Facebook Pixel

1239. Maximum Length of a Concatenated String with Unique Characters

MediumBit ManipulationArrayStringBacktracking
Leetcode Link

Problem Description

You are given an array of strings called arr. Your task is to create a new string s by concatenating a subsequence of strings from arr, with the constraint that all characters in the final string s must be unique (no character can appear more than once).

A subsequence means you can pick any subset of strings from arr while maintaining their original order. For example, if arr = ["un", "iq", "ue"], you could pick ["un", "iq"] or ["iq", "ue"] or just ["iq"], but you cannot rearrange them.

The goal is to find the maximum possible length of such a string s.

For example:

  • If arr = ["un", "iq", "ue"], you could concatenate all three to get "unique" with length 6, where all characters are distinct.
  • If arr = ["cha", "r", "act", "ers"], you could concatenate "cha" and "ers" to get "chaers" with length 6, but you cannot use "cha" and "act" together because they both contain the character 'a'.
  • Individual strings in arr that already have duplicate characters within themselves (like "aa") cannot be used at all.

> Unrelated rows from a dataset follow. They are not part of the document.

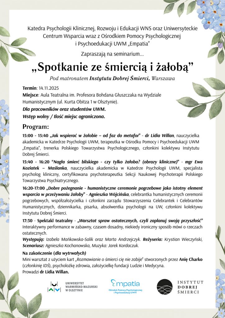 Na stronie Uniwersytetu Warmińsko-Mazurskiego w Olsztynie można znaleźć także rozmowę z jedną z prelegentek seminarium – mgr Ewą Koziatek-Maślanką – o przeżywaniu żałoby. Zachęcamy do lektury!
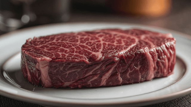 Marbled beef on a white plate
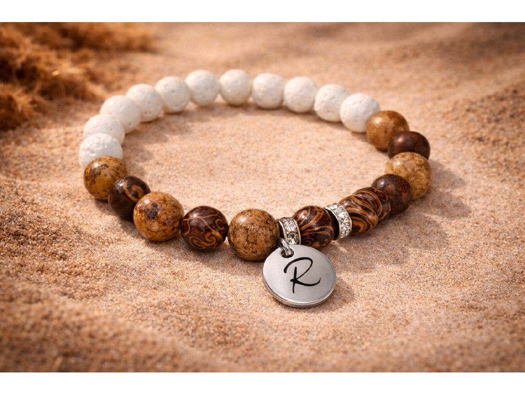Elegantní pánský minerální náramek Pouštní oheň je tvořen kombinací bílého lávového kamene 🤍, jaspisu obrázkového a jaspisu sloního. Tyto minerály spojují sílu, odvahu, vitalitu a stabilitu. Výjimečný šperk, který podtrhne mužskou energii a stane se osobním talismanem.
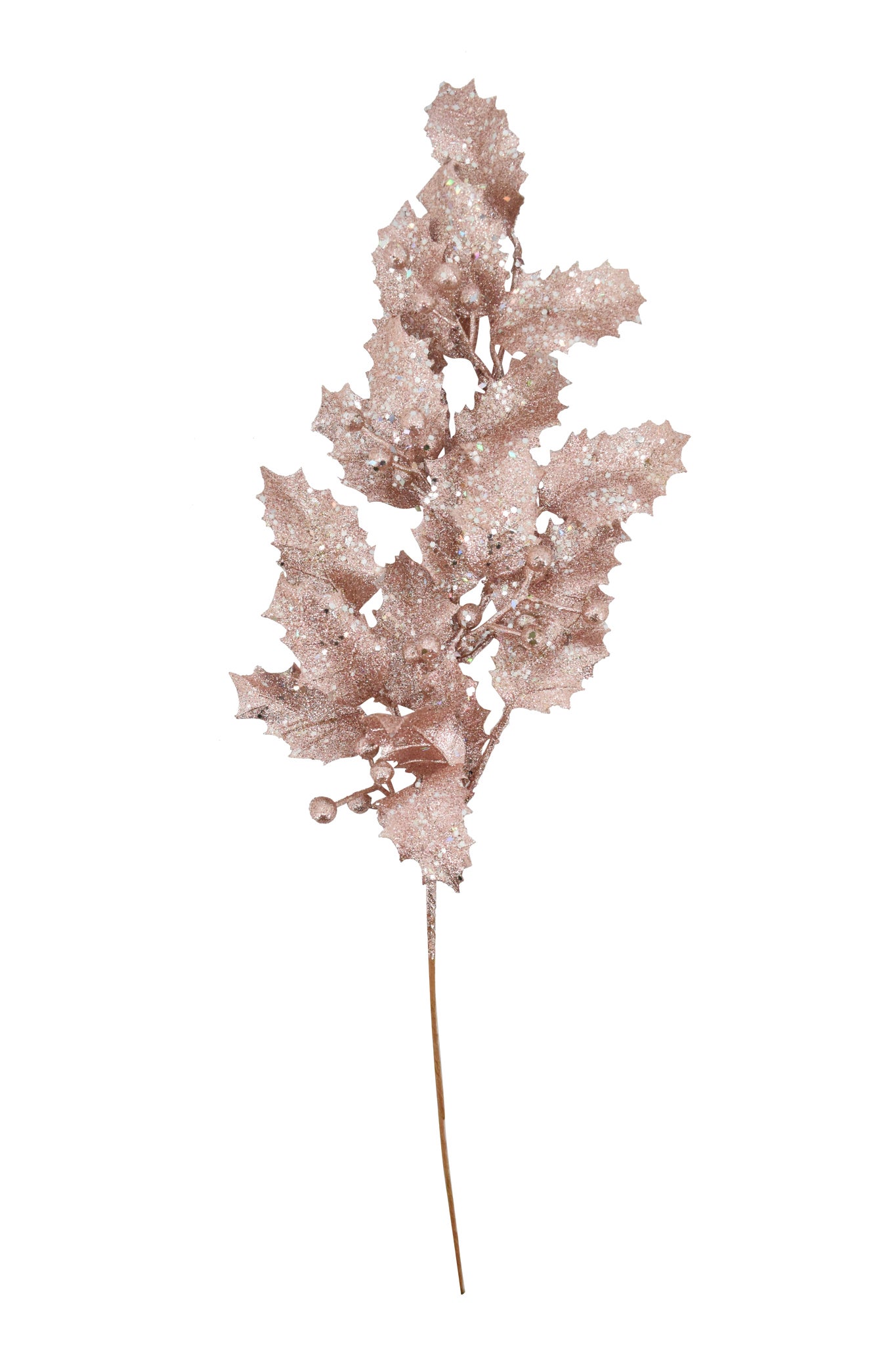 Bring festive sparkle to your holiday designs with this glittered holly spray accented with berries. Its bold finish adds shine and texture, making it perfect for Christmas trees, wreaths, and centerpieces. A seasonal favorite for adding a classic holiday touch with extra shimmer.
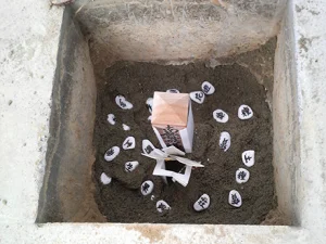 本堂の上棟に向け柱が立ち始めたこの日、地鎮祭の時の勝軍木を、経石と共に本堂の中央から地中に納めました。
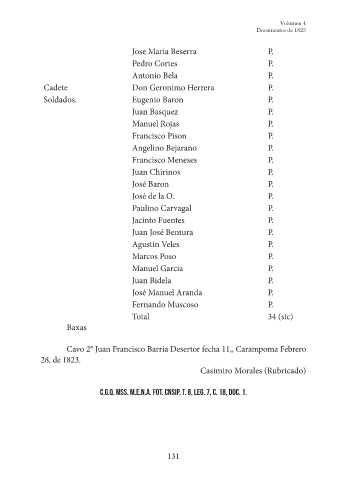 Cavo 2° Juan Francisco Barria Desertor fecha 11,, Carampoma Febrero
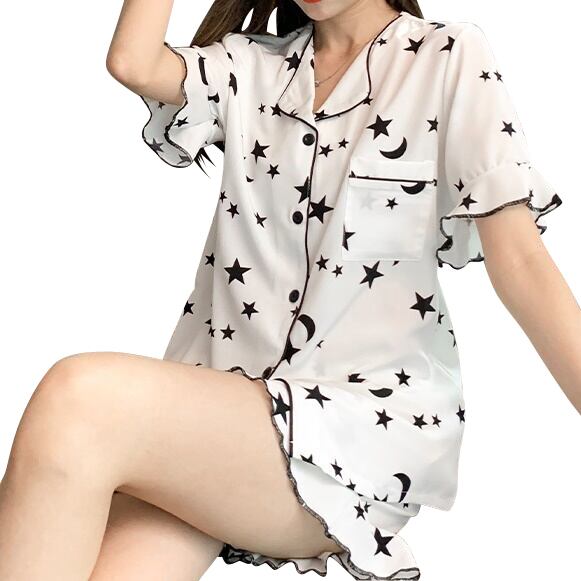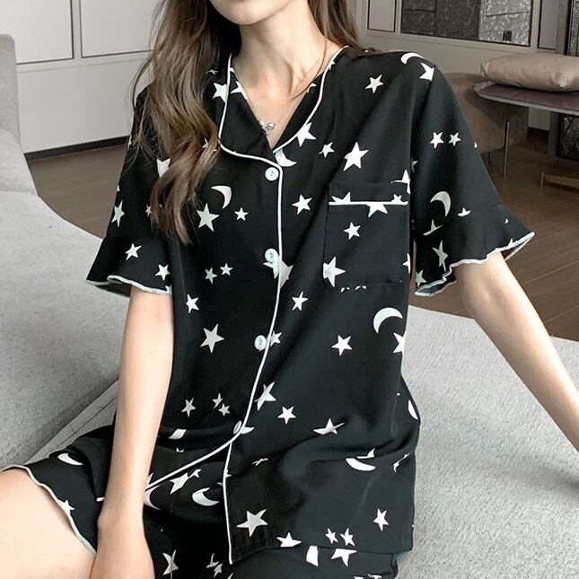 スタープリントがPOPでレディライクなショート丈ルームウェアセットアップ☆⋆。*
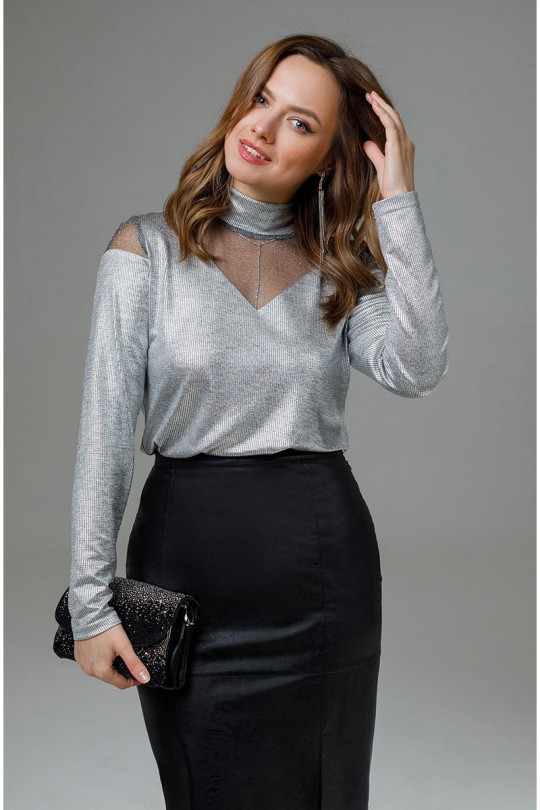 Водолазка из трикотажной ткани с блеском. Втачной рукав, воротник стойка, вставки из прозрачной мерцающей ткани по рукаву и горловине.
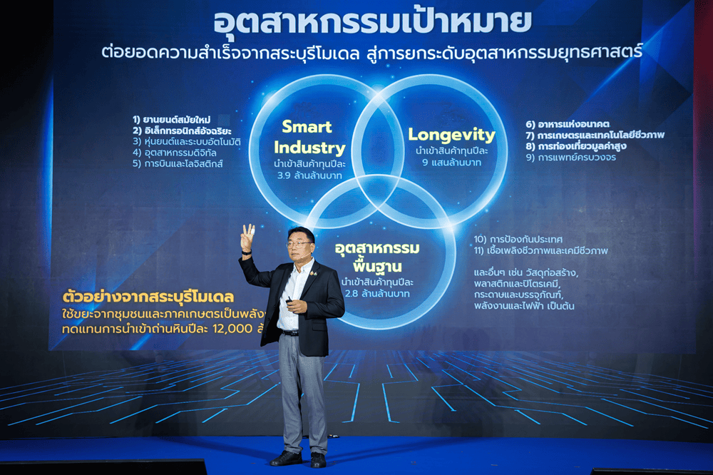 ทั้งนี้ ยุทธศาสตร์ขับเคลื่อนอุตสาหกรรมไทยก้าวกระโดดสู่ SMART INDUSTRY คือ 5 SMART + ร่วมลงมือทำ 1. Smart Industry: เพิ่มประสิทธิภาพการผลิต 2 เท่า 2. Smart Market: สร้างตลาดในประเทศ และขยายตลาดต่างประเทศ 3. Smart Funding: สนับสนุนเงินทุน SMEs เพื่อการเปลี่ยนผ่าน 4. Smart & Green Infrastructure: ส่งเสริมลดต้นทุนพลังงานและโลจิสติกส์ 5. Smart Government: ผลักดันราชการเร็ว สะดวก โปร่งใส พลัสด้วย PPPP Model (Public Private People Partnership) ความร่วมมือภาครัฐ เอกชน และประชาสังคม ร่วมทำบนจุดแข็งของตัวเอง ยกระดับ “สระบุรีโมเดล” ที่ประสบความสำเร็จ เป็น Thailand Model เพื่อขยายผลวิธีการทำงานด้วยความร่วมมือ โดยภาครัฐมีแนวทาง เอกชนขับเคลื่อน และประชาชนได้ประโยชน์
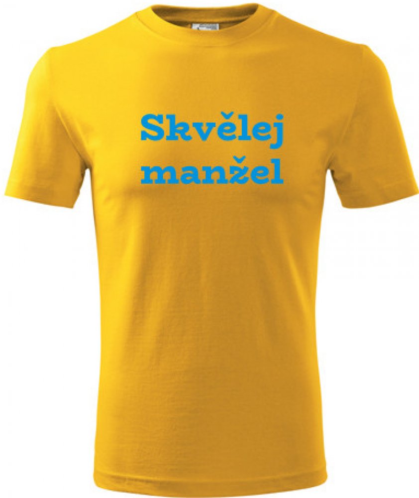 Žluté tričko Skvělej manžel. nabízené velikosti jsou S,M,L,XL,XXL,XXXL. Výběr z 12ti barev. Tričko patří do kategorií Dárek pro manžela, . Technologie potisku: Tisk na tričko je realizován pomocí termolisu a potisk je velice trvanlivý.
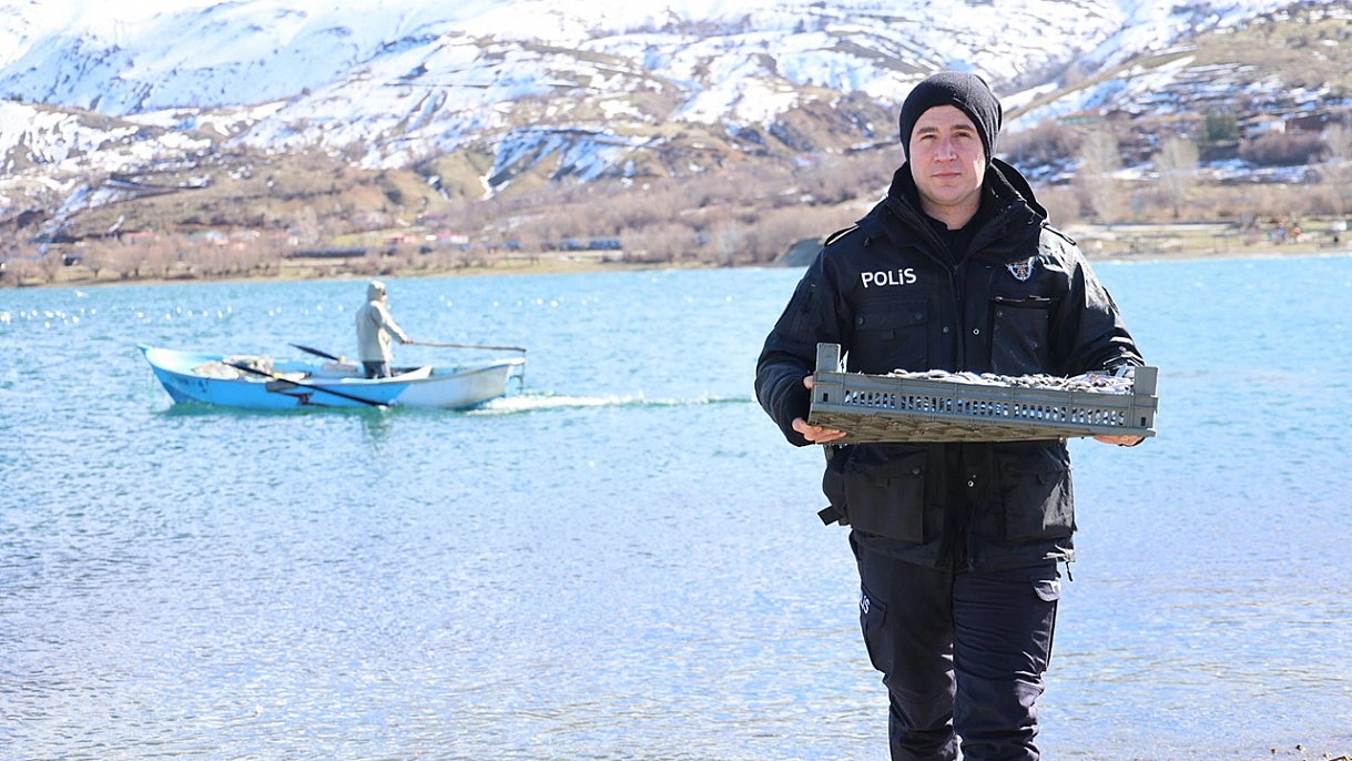 Elazığ Hazar Gölü'ndeki Tavşan Adası'nın sakinleri, çetin kış şartlarında yiyecek bulamayınca devreye polis ekipleri girdi. Ekipler, dalgalara rağmen adaya ulaşarak tavşanları sebzeyle, aç kalan martıları ise balıkla besledi.
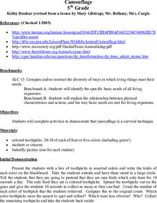 Here is a instructional activity which incorporates ingenious hands-on activities that simulate how many animals use camouflage as a survival technique. This instructional activity clearly outlines how to implement the activities and...
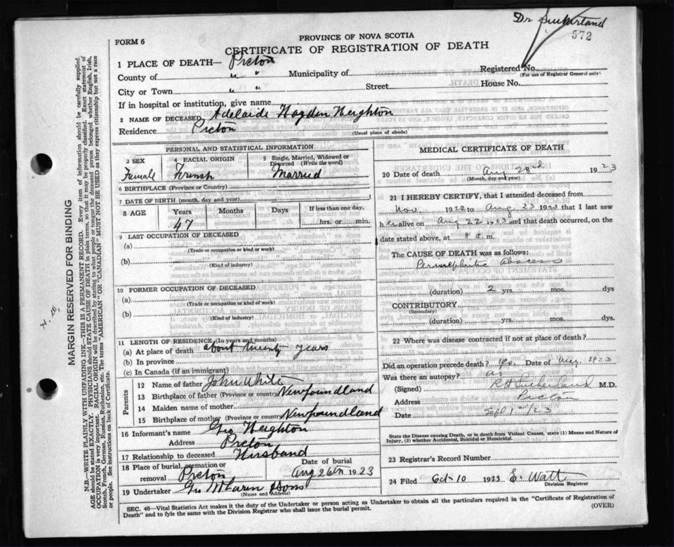 Death Registration: Year: 1923 file: 99 number: 572
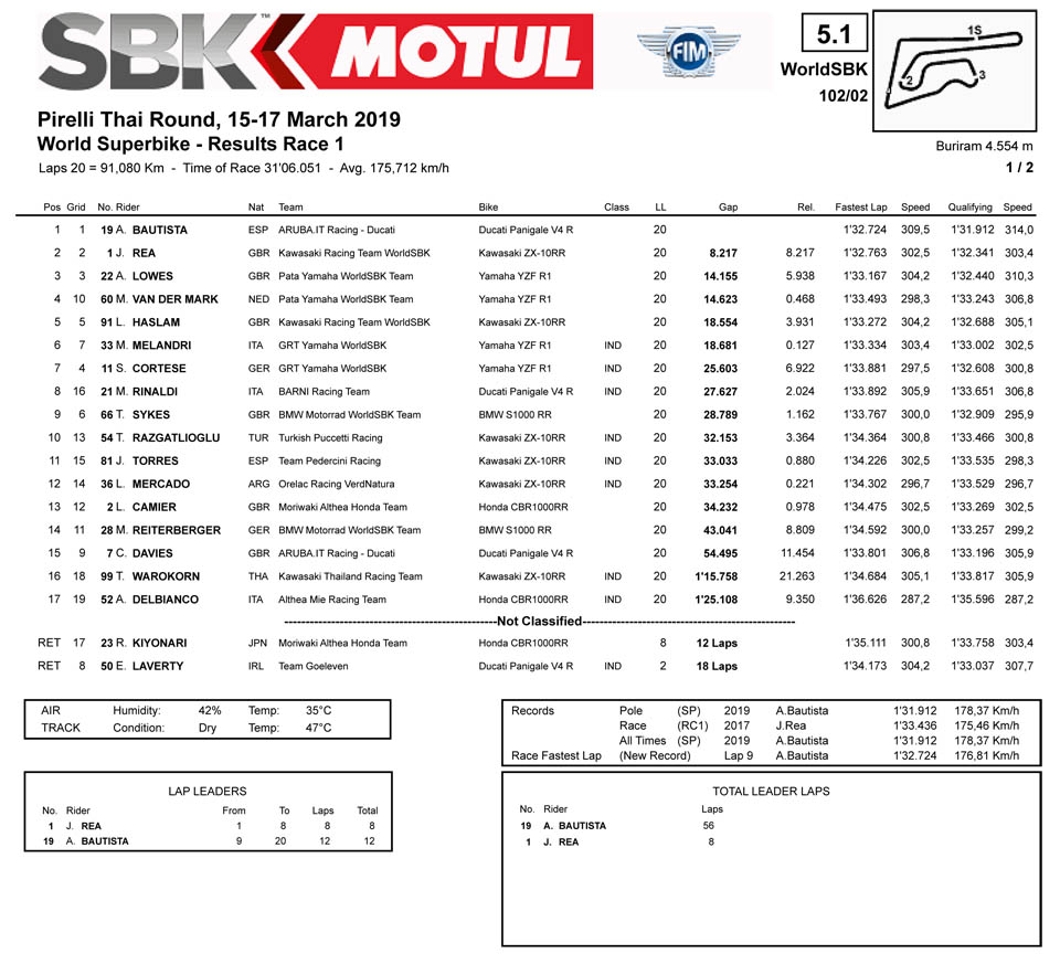 事實上,由MotoGP轉戰WSBK的捌第並非首次在泰國武里南比賽。他於2018 MotoGP中,已有在這裡作戰的經驗。另一方面,於星期五首日測試中,捌弟表示李亞要擊敗他,必須要推至極限。可是從揭幕戰及泰國站的Race 1來看,即使李亞推至極限,現階段彼此的實力仍有明顯距離,或許賽會放寛實戰轉數的限制,方可在短時間內追上。
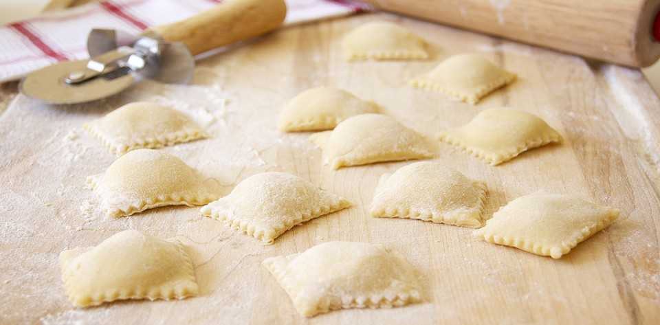 - для приготовления используют пресное тесто. Можно экспериментировать, но если вы хотите в итоге получить равиоли, то не нужно;
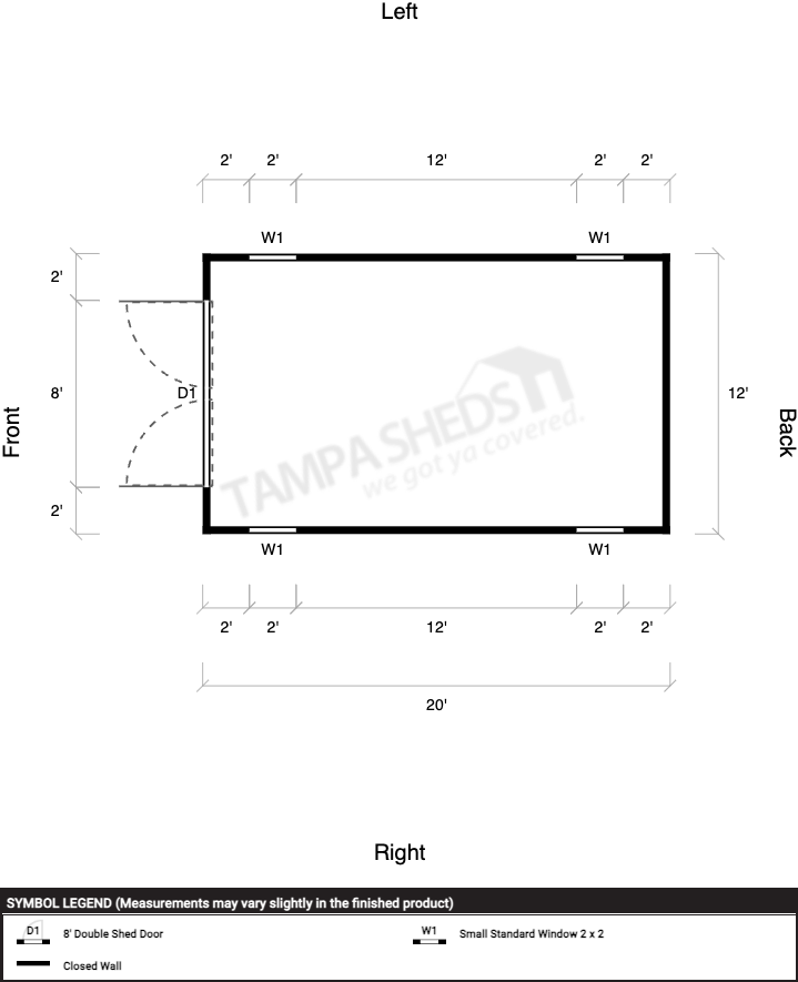 | Windows | Small Standard Window 2 x 2, Color: Mill Finish x4 |
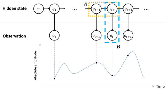 In the HMM framework, optimal probability models (also, referred to as optimal parameters) are obtained with best explaining the observations by the Baum–Welch algorithm in HMM [17] (). Then, the hidden states are revealed by the Viterbi algorithm, which uses the estimated parameters with observations as follows [18,19]: . From the perspective of detection, the SOIs are identified by samples possessing the “signal” state.
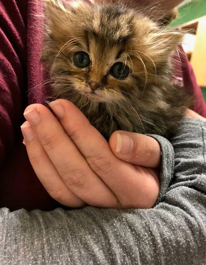 #9 This floof was abandoned and without food or water when she was found three weeks ago. This is her excitement moments ago on the way to her forever home!
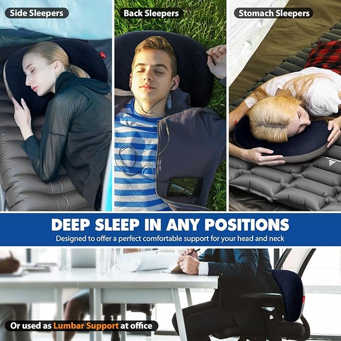 - 𝐒𝐀𝐘 𝐆𝐎𝐎𝐃𝐁𝐘𝐄 𝐓𝐎 𝐎𝐔𝐓𝐃𝐎𝐎𝐑 𝐒𝐋𝐄𝐄𝐏𝐋𝐄𝐒𝐒 𝐍𝐈𝐆𝐇𝐓𝐒: Looking for a camping pillow which not only can provide a perfect comfortable support for your neck and head, but also so light and compact to carry on the go? Well, here is your new inflatable pillow. Designed with a soft, breathable cover and ergonomic construction, our backpacking pillow will provide maximum comfort and let you have a restful sleep under stars!

The solution uses bit manipulation where each string is represented as a 26-bit integer. Each bit position corresponds to a letter (bit 0 for 'a', bit 1 for 'b', etc.). A bit is set to 1 if that character appears in the string. The algorithm builds up all possible valid combinations by checking if strings share any common characters using bitwise AND operations, and combines valid strings using bitwise OR operations.

Flowchart Walkthrough

First, let's pin down the algorithm using the Flowchart. Here's a step-by-step walkthrough:

Is it a graph?

  • No: The problem involves an array of strings and subsequence selection, not nodes and edges as in graph problems.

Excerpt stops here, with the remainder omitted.